Data for this task START
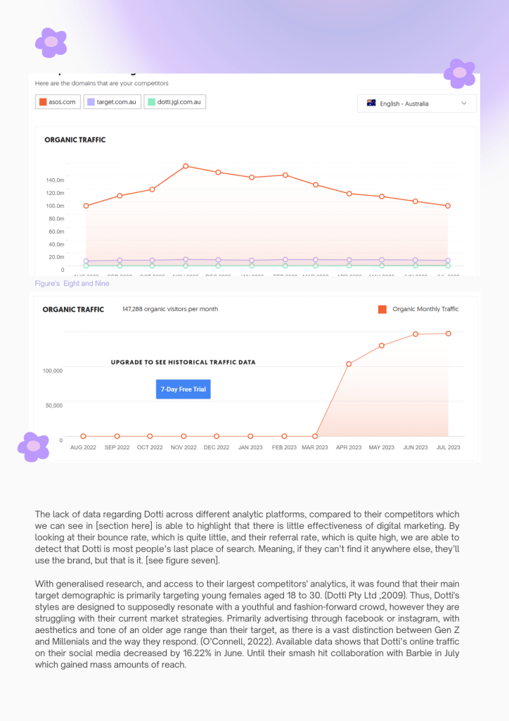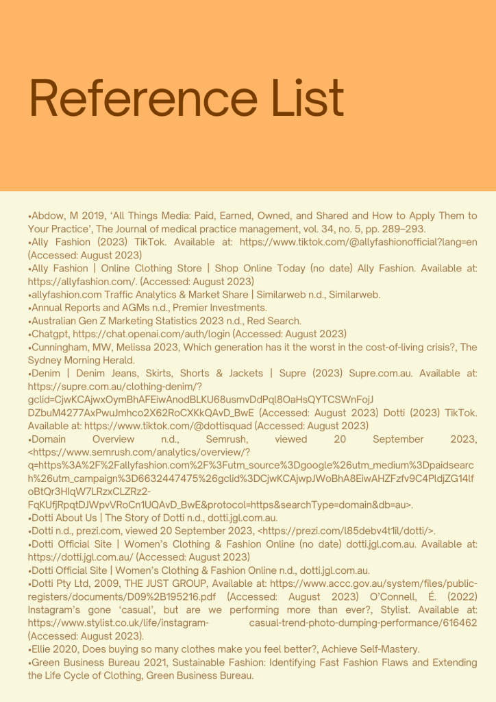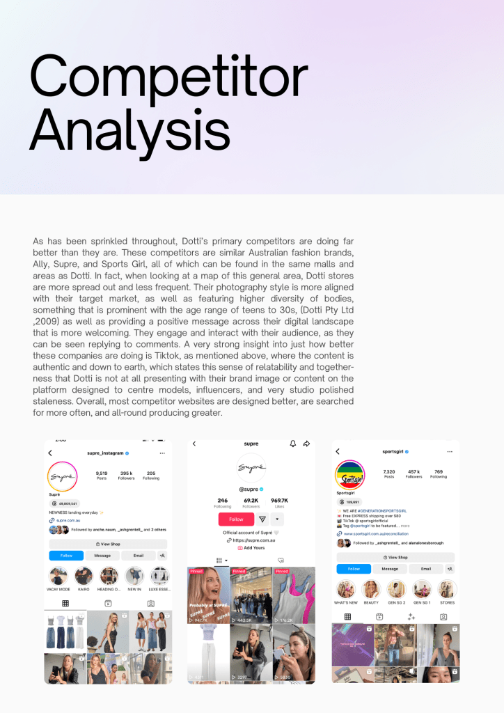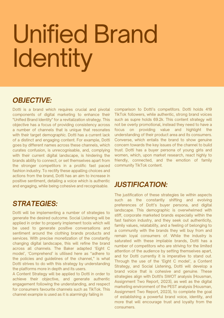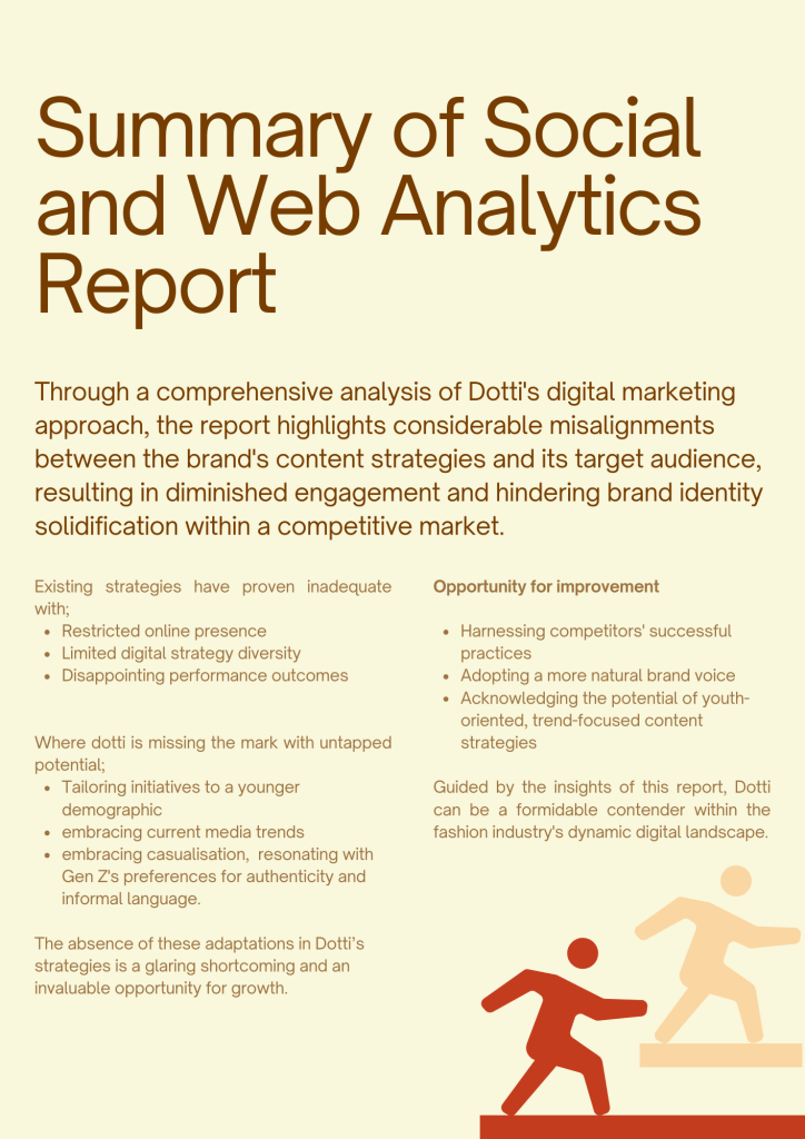 This report presents an extremely detailed and comprehensive analysis of the digital marketing landscape within the Australian fast fashion industry in regards to the clothing brand Dotti. The research is underpinned by an array of methodologies, including SWOT and PEST, Social Intelligence Data, Social and Web Analytics Data, Social Media Auditing Data, Competitor Analysis, and Recommendations derived from the findings. The study aims to highlight Dotti’s current challenges, strategic deficiencies, and potential avenues for revitalization in the dynamic digital marketing arena. The report outlines key findings and provides actionable recommendations for optimising digital marketing strategy, improving engagement and customer satisfaction, and differentiating from competitors.
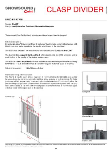 Italská značka Caimi Brevetti neustále pokračuje ve výzkumu v oblasti akustického designu. Jejich důsledný přístup vedl k vývoji technologií, jako je právě Snowsound®-Fiber, na které jsou založeny panely pohlcující zvuk CLASP. Skládají se z měkkých polyesterových vláken. Interakce mezi speciálními akustickými vlákny a uspořádáním objektů umožňuje snížit nepříjemný zvukový dozvuk v prostředí.
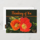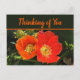 Cactus flowers are in full bloom on this southwest "thinking of you" postcard. The nature photo captures large bright red orange flowers along with the green cactus pads and large flower buds. "Thinking of You" appears in bright orange font against a dark green background at the top of this thank you note. The back of the postcard has been left blank for your personalised words or photos.
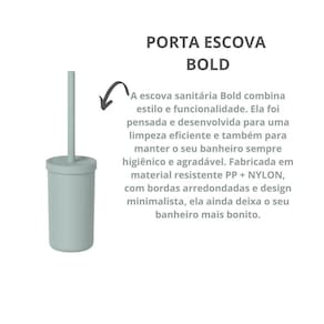 A escova sanitária Bold combina estilo e funcionalidade. Ela foi pensada e desenvolvida para uma limpeza eficiente e também para manter o seu banheiro sempre higiênico e agradável. Fabricada em material resistente PP + NYLON, com bordas arredondadas e design minimalista, ela ainda deixa o seu banheiro mais bonito. Características do Produto:
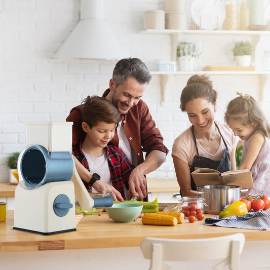 rotary cheese grater slicer with handle and suction base, stainless steel mandoline slicer with large barrel, vegetable potato slicer, nut grinder, carrot shredder, chopper, cutter
Data for this task END
• **Exercise instructions**: Output the records above character for character, but leave each image out.

• **Exercise response**:
 This report presents an extremely detailed and comprehensive analysis of the digital marketing landscape within the Australian fast fashion industry in regards to the clothing brand Dotti. The research is underpinned by an array of methodologies, including SWOT and PEST, Social Intelligence Data, Social and Web Analytics Data, Social Media Auditing Data, Competitor Analysis, and Recommendations derived from the findings. The study aims to highlight Dotti’s current challenges, strategic deficiencies, and potential avenues for revitalization in the dynamic digital marketing arena. The report outlines key findings and provides actionable recommendations for optimising digital marketing strategy, improving engagement and customer satisfaction, and differentiating from competitors.
 Italská značka Caimi Brevetti neustále pokračuje ve výzkumu v oblasti akustického designu. Jejich důsledný přístup vedl k vývoji technologií, jako je právě Snowsound®-Fiber, na které jsou založeny panely pohlcující zvuk CLASP. Skládají se z měkkých polyesterových vláken. Interakce mezi speciálními akustickými vlákny a uspořádáním objektů umožňuje snížit nepříjemný zvukový dozvuk v prostředí.
 Cactus flowers are in full bloom on this southwest "thinking of you" postcard. The nature photo captures large bright red orange flowers along with the green cactus pads and large flower buds. "Thinking of You" appears in bright orange font against a dark green background at the top of this thank you note. The back of the postcard has been left blank for your personalised words or photos.
 A escova sanitária Bold combina estilo e funcionalidade. Ela foi pensada e desenvolvida para uma limpeza eficiente e também para manter o seu banheiro sempre higiênico e agradável. Fabricada em material resistente PP + NYLON, com bordas arredondadas e design minimalista, ela ainda deixa o seu banheiro mais bonito. Características do Produto:
 rotary cheese grater slicer with handle and suction base, stainless steel mandoline slicer with large barrel, vegetable potato slicer, nut grinder, carrot shredder, chopper, cutter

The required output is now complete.